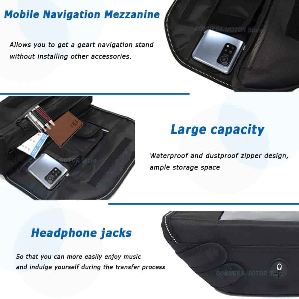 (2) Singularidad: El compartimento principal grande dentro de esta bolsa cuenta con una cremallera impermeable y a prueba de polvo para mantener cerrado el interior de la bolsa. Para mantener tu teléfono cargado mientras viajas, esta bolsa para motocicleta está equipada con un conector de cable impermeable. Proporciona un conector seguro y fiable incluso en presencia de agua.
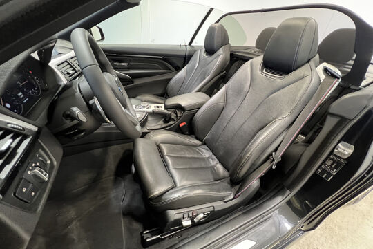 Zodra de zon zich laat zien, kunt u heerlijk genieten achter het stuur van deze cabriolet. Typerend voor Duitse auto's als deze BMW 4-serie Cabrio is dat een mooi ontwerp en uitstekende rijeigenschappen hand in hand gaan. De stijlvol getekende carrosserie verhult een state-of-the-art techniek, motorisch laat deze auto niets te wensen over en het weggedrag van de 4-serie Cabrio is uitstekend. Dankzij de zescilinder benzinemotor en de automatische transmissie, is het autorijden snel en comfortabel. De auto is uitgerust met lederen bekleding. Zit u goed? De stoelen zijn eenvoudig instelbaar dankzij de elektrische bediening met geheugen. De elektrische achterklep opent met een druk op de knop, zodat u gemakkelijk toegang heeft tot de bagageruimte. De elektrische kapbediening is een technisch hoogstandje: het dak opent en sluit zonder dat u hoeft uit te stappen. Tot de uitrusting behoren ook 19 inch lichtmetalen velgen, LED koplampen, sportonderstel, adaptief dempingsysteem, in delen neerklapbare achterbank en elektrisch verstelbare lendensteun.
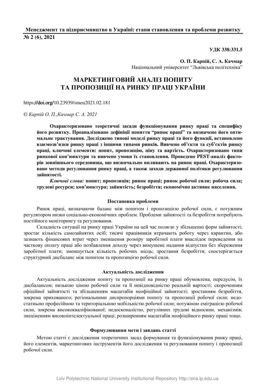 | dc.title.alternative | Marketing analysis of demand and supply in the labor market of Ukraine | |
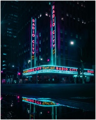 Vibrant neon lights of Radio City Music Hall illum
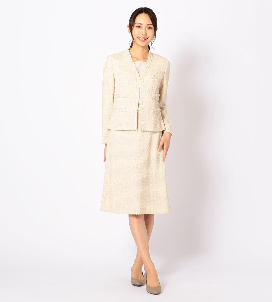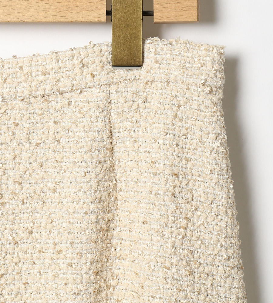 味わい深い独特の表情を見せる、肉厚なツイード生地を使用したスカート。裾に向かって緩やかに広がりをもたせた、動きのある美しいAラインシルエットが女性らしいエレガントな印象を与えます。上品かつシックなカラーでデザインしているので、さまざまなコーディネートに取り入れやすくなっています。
*-*-*
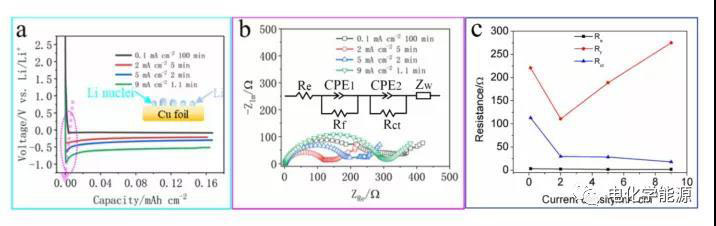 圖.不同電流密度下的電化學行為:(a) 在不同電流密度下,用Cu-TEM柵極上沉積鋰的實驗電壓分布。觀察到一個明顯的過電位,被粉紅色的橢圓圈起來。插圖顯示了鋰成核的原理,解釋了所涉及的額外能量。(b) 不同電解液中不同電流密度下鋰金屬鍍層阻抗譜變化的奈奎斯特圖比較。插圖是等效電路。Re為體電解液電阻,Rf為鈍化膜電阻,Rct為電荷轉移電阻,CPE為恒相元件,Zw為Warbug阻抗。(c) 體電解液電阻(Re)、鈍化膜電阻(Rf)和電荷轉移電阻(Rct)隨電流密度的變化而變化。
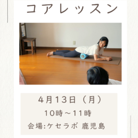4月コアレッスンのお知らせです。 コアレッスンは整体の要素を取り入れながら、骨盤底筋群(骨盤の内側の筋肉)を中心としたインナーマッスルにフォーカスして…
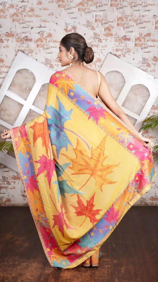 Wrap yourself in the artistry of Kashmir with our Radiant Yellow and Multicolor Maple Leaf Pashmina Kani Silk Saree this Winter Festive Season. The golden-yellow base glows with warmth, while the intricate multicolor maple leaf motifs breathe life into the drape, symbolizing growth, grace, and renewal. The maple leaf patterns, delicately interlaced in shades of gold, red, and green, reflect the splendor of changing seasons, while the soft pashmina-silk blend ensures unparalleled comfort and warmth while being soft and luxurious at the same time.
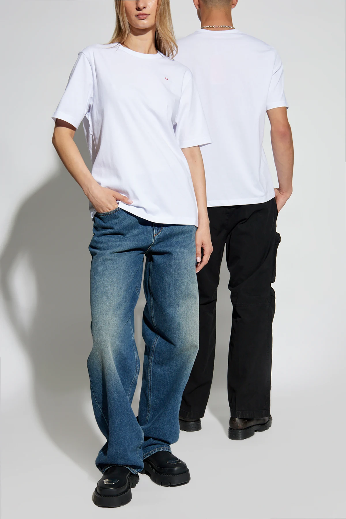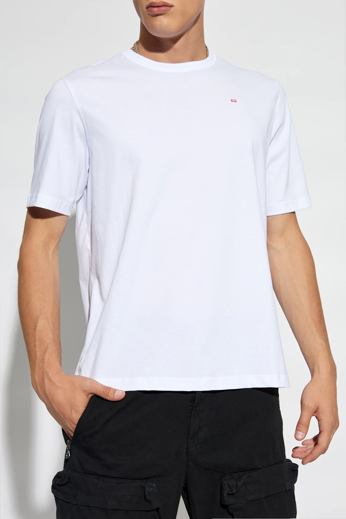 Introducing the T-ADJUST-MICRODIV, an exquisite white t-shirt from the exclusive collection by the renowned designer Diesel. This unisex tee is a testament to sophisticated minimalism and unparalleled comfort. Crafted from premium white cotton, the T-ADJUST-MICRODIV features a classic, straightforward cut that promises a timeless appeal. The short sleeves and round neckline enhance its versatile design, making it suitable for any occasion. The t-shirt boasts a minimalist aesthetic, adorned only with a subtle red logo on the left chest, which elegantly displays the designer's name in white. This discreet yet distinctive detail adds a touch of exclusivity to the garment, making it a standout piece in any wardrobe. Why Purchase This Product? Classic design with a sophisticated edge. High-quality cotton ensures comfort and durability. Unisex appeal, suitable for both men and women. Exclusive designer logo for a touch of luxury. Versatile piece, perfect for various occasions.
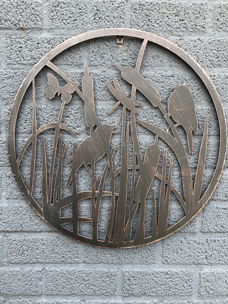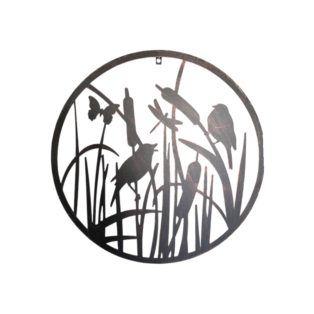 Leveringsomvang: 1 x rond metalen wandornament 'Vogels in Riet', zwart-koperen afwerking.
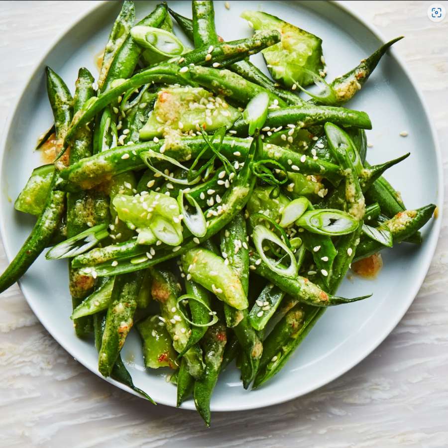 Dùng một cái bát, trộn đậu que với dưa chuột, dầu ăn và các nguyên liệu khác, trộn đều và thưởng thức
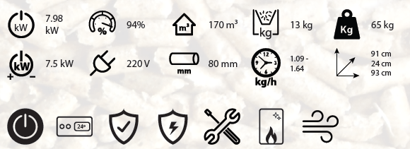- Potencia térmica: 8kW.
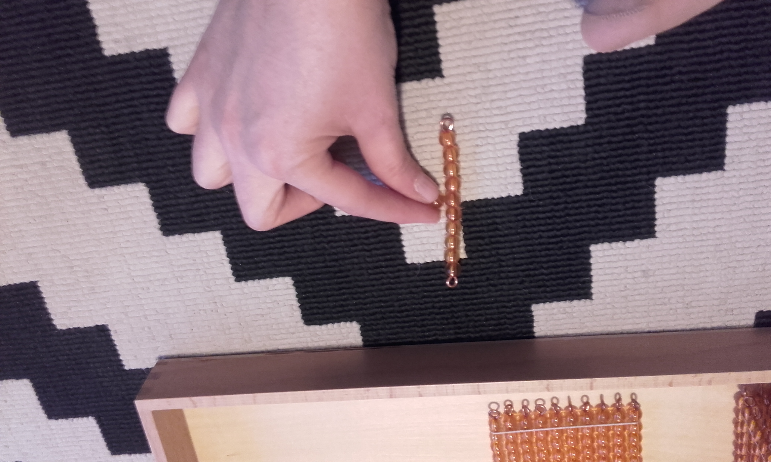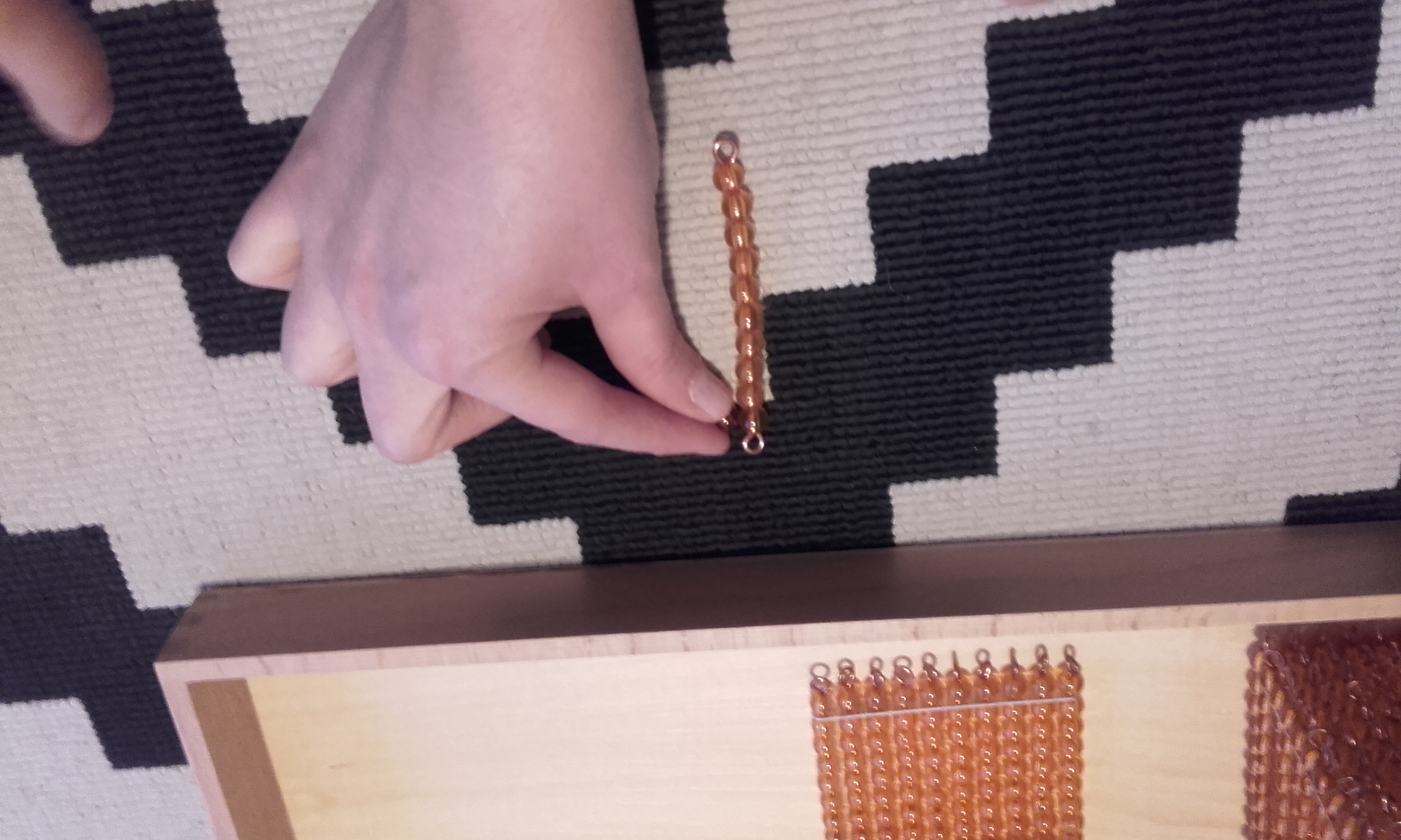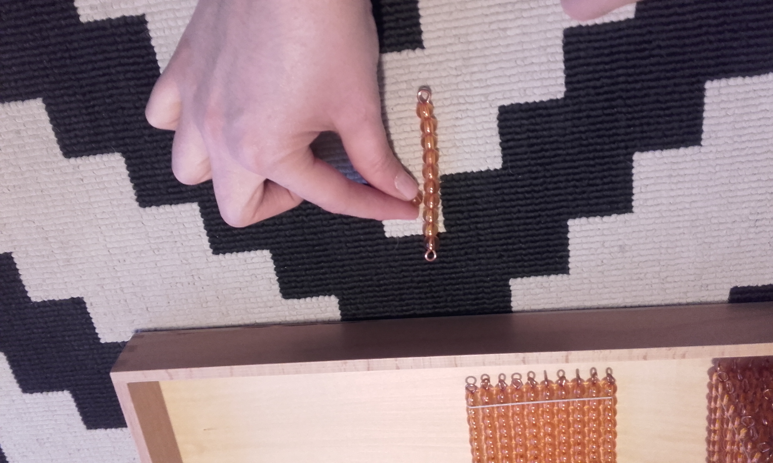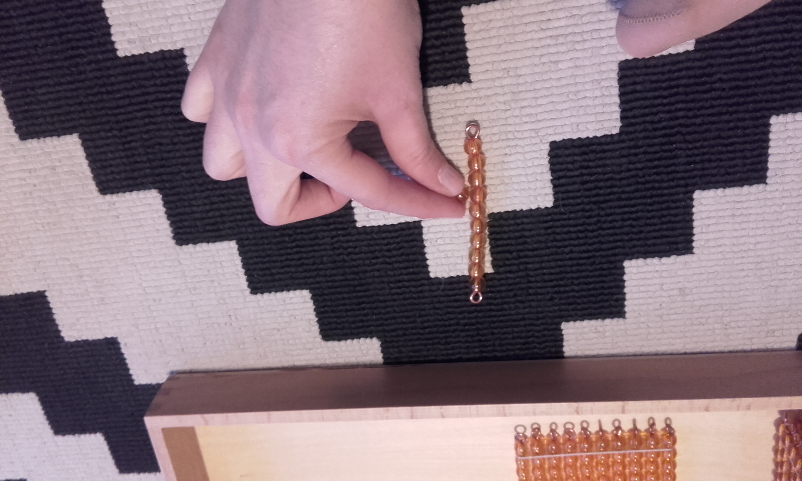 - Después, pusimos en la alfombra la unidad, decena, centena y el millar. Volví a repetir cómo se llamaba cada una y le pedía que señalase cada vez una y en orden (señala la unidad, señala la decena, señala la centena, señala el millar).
*-*-*
(TASK REQUIREMENTS) Working from the data above, repeat exactly, and only, the lines that begin at the line containing "- Potencia térmica: 8kW." and stop after the line containing "- Después, pusimos"; pictures are not copied.

(SOLUTION)
- Potencia térmica: 8kW.
 - Después, pusimos en la alfombra la unidad, decena, centena y el millar. Volví a repetir cómo se llamaba cada una y le pedía que señalase cada vez una y en orden (señala la unidad, señala la decena, señala la centena, señala el millar).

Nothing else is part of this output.